The United States government has a history of sponsoring terrorism. I’ll give you one particularly egregious example: In 1979, the US-backed dictator of Nicaragua, Anastasio Somoza, began to have his rule challenged by a pro-democracy movement of the Nicaraguan people, known as the Sandinistas. The Sandinistas aimed to ameliorate the crushing poverty and terrible living standards faced by the Nicaraguans, and in so doing they posed a threat to certain American corporations that were engaged in sucking what little wealth Nicaragua possessed out of the country. (This is comparable to the efforts by residents of small towns in New England to keep Wal-Mart and McDonalds out of their communities, though the results are dramatically different.)

This was intolerable to the US government, who referred to the whole thing as “communism” and immediately swung into action (the standard United States treatment of Latin America.) President Carter tried to assist Somoza’s own National Guard with keeping the tyrant in power, but despite their bombing campaigns that killed tens of thousands of Nicaraguans, Somoza still did not feel safe and decided to flee to Miami with whatever remained of the Nicaraguan national treasury.

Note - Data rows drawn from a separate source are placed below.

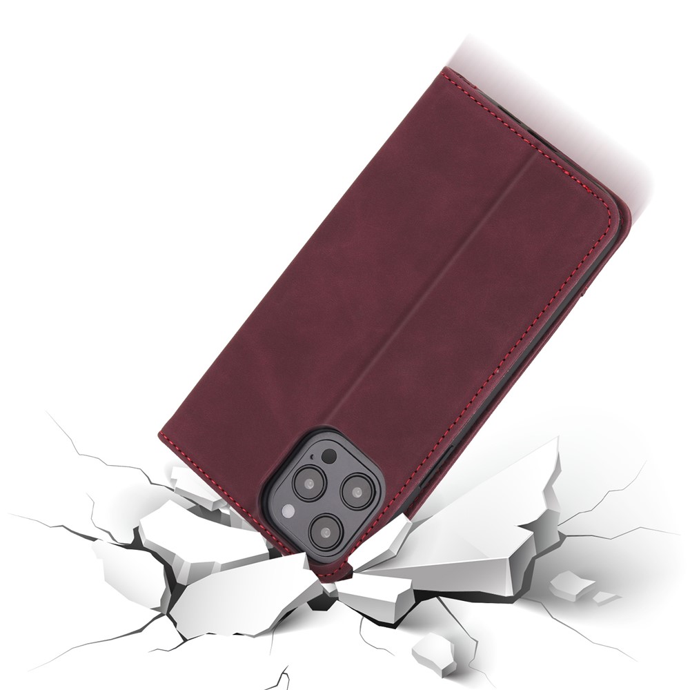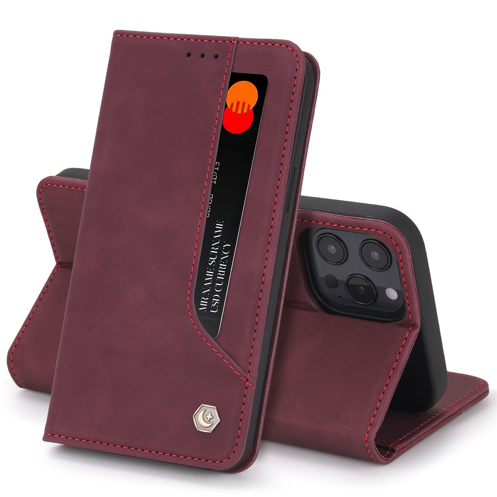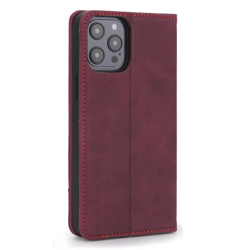 POLA 008 Series Vintage PU Leather Flip Wallet Case Auto Closing Magnetic Shockproof Protective Phone Cover with Stand for iPhone 11 Pro Max 6.5 inch – Wine Red
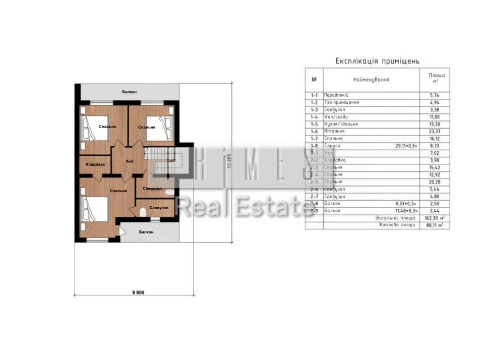 2 поверх: три спальні з виходами на балкон, два санвузли, комора та великий хол.
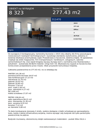 OBIEKT na WYNAJEM 8 323 Szczecin, Dąbie 277.43 m2 311470 2015 277.43 Office 2 30 PLN 8 323 PLN Opis Do wynajęcia 2-kondygnacyjny, kameralny biurowiec z 2015 roku idealny dla firmy poszukującej nowoczesnych rozwiązań technologicznych i wysokiego standardu wykończenia, położony w świetnej lokalizacji przemysłowej części Prawobrzeża w Szczecinie, dzielnica Dąbie. W sąsiedztwie znajduje się wiele magazynów, firm transportowych, handlowych, usługowych, salonów samochodowych itp. oraz węzeł drogowy łączący Europę wsch z zachodnią oraz Skandynawię z południem - autostrada A6 Berlin-Gdańsk i drogi S10 i S3. Błyskawiczny wyjazd ze Szczecina bez konieczności przejeżdżania przez miasto. Obok przystanki komunikacji miejskiej. Całkowita powierzchnia to 277,43 m2, na co składają się: PARTER 141,39 m2 pomieszczenie biurowe 16,07 m2 sala konferencyjna 17,12 m2 sekretariat 31,33 m2 gabinet 19,53 m2 gabinet 19,40 m2 korytarz 7,54 m2 pom. szafa 2,56 m2 pom. sekretarki 4,17 m2 WC 6,60 m2 klatka schodowa 17,07 m2 PIĘTRO 136,04 m2 open space/biuro 84,21 m2 pom. kierownika 31,30 m2 pom. socjalne 8,33 m2 korytarz 7,12 m2 wc damskie 5,08 m2 Te dwie kondygnacje stanowią 2 strefy, osobno dostępne z klatki schodowej po wprowadzeniu kodu, każda z pełną infrastrukturą socjalną, można wynająć cały budynek lub tylko parter/tylko powierzchnię na piętrze. Budynek murowany, ekonomiczny dzięki zastosowanym materiałom - pustak Silka 24cm z RYZO NIERUCHOMOŚCI sp. z o.o. dociepleniem 15cm, dach dobrze zaizolowany, ocieplenie od strony gruntu. Powierzchnia wykończona w wysokim standardzie - na podłodze w części biurowej elegancka wykładzina dywanowa, sufity podwieszane, w części socjalnej glazura i terakota, otwierane okna. Ogrzewanie indywidualne gazowe, komfort pracy zapewniają kaloryfery z regulacją temperatury oraz w pomieszczeniach biurowych klimatyzatory z funkcją chłodzenia/grzania. Ciepła woda ogrzewacze elektryczne przepływowe. Media miejskie - prąd, woda, kanalizacja. Wentylacja grawitacyjna i mechaniczna z rekuperacją. Oświetlenie LED i fluorescencyjne, centrala telefoniczna i sieć komputerowa. Teren jest ogrodzony i strzeżony - przy bramie wjazdowej strażnik, kamery, elektroniczna kontrola dostępu do budynku i instalacja alarmowa. Cena wynajmu: 35zł/m2 netto + podatek VAT 23% plus opłaty za prąd wg zużycia, ogrzewanie proporcjonalnie wg powierzchni, woda i ścieki wg zużycia. Zostaje wyposażenie w części socjalnej - meble i sprzęty do uzgodnienia. Prezentowana nieruchomość jest bardzo atrakcyjna ze względu na cenę w stosunku do standardu oraz na świetną lokalizację. Możliwe wydanie natychmiastowe. Zapraszam! RYZO NIERUCHOMOŚCI sp. z o.o. tel. 91 484 22 84 email: [email protected] RYZO NIERUCHOMOŚCI sp. z o.o. Powered by TCPDF (www.tcpdf.org)
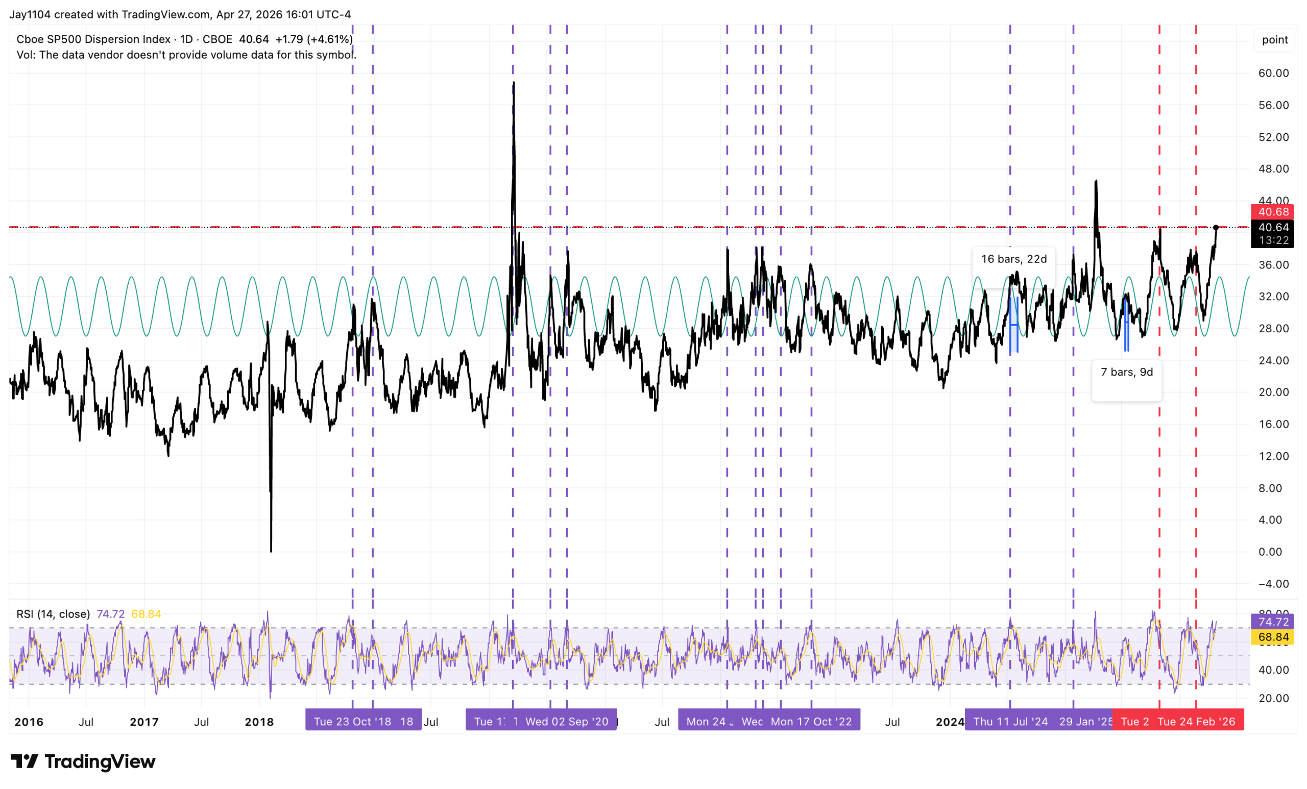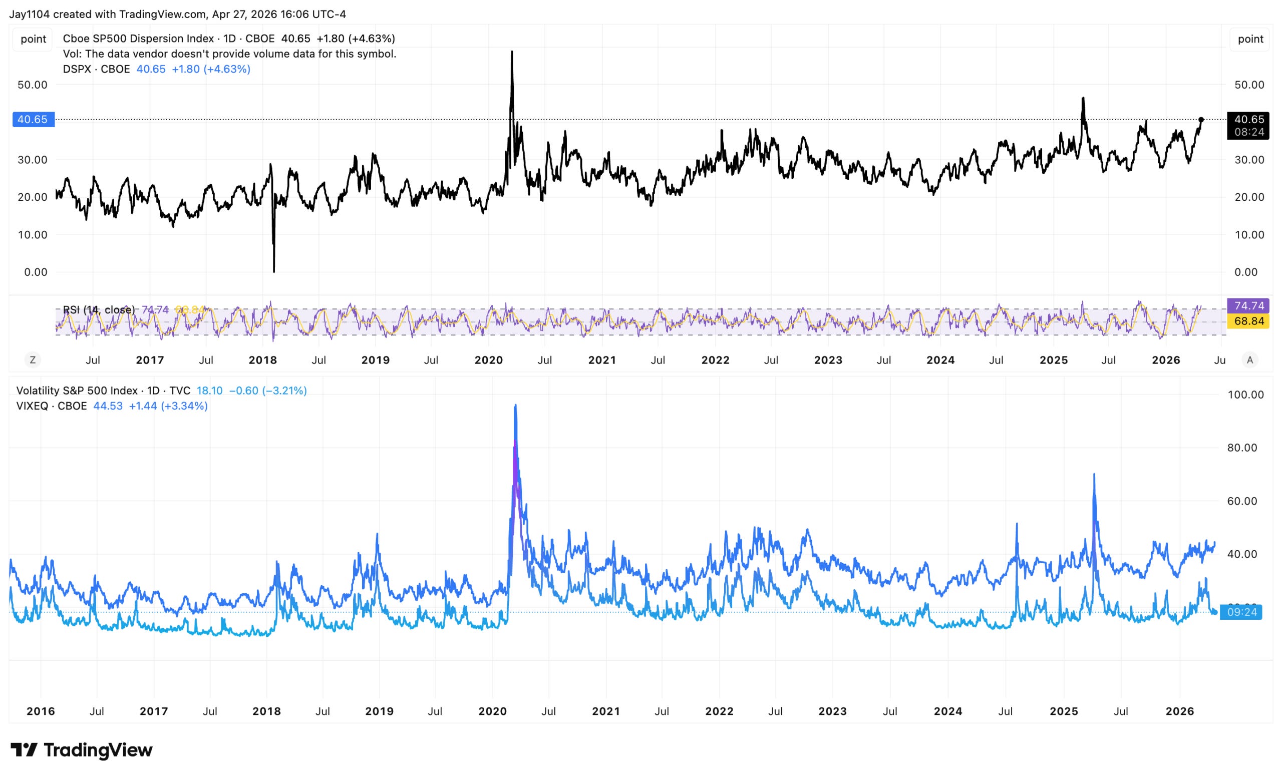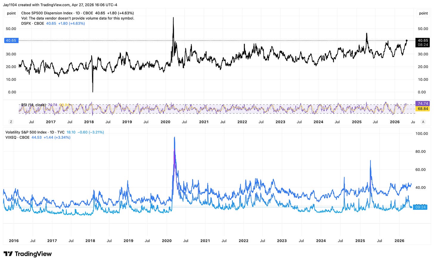 Dispersion To The Max. When the S&P 500 dispersion index trades above 40, it is entering rare territory—levels previously seen during the COVID meltdown in March 2020 and the Tariff Tantrum in 2025. The DSPX has now pushed beyond its October 2025 highs, underscoring just how extreme conditions have become.

The Sandinistas were left in control of the country and promptly made enormous gains in the Nicaraguan standard of living through their various programs, representing the only real hope in Nicaragua for hundreds of years. It should come as no surprise, however, that it was not to last.

Carter’s government, in one of its last actions during his presidency, flew National Guard commanders out of the country and into Honduras in planes bearing Red Cross insignia (thus violating the Geneva convention.) Safely across the border, the CIA (now under Ronald Reagan) began recruiting Somoza’s thugs into a new fighting force, the contras. Over the next several years, the contras launched near-constant terrorist attacks against Nicaragua, forcing the fragile Sandinista government to divert its meager resources to protect its citizens. Not only did Reagan refer to the contras as “freedom fighters,” at one point likening them to America’s Founding Fathers, the United States dissuaded other nations and banks from assisting the Sandinistas (even after an earthquake), and planted mines in Nicaragua’s harbors (thus making Reagan the only head of state condemned by the World Court). The money to fund the contras at one point was being raised through weapons sales to Iran (of all places), which resulted in something most of us have heard of, but few of us can describe accurately: the Iran-contra scandal. This should have toppled the Reagan administration, but since there was no sex involved (unless you count brutal rapes perpetrated by the contras), Reagan stayed in the Oval Office.

When an election rolled around in 1990, the US made it clear that the atrocities would continue if the Sandinistas won. In a testament to the spirit of the Nicaraguan people, the Sandinistas still received 40 percent of the vote, but in any case Nicaragua was once again under a government acceptable to the United States, all thanks to a massively funded terror campaign. As stated above, this is just one example of typical US policy towards much of Latin America during the 20th century.

If our government were serious about ending terrorism worldwide, we would be seeing a flurry of arrests and war crimes trials of those Americans responsible for sponsoring terrorism, along with massive reparations to the nations victimized by this activity. Instead, many key figures of the contra war now occupy high-level posts in the Bush administration. Oliver North (who tried to conceal evidence of the Iran-contra link) has remained a public figure, at one point running for Senate as a “family values” candidate. (The irony is sickening.) Books laud Ronald Reagan as an “American hero” and ultra-conservative radio host Sean Hannity practically accuses liberals of treason for daring to criticize the CIA.

Terrorism certainly needs to be stopped, and not just the terrorism committed by somebody else or sponsored by somebody else’s government.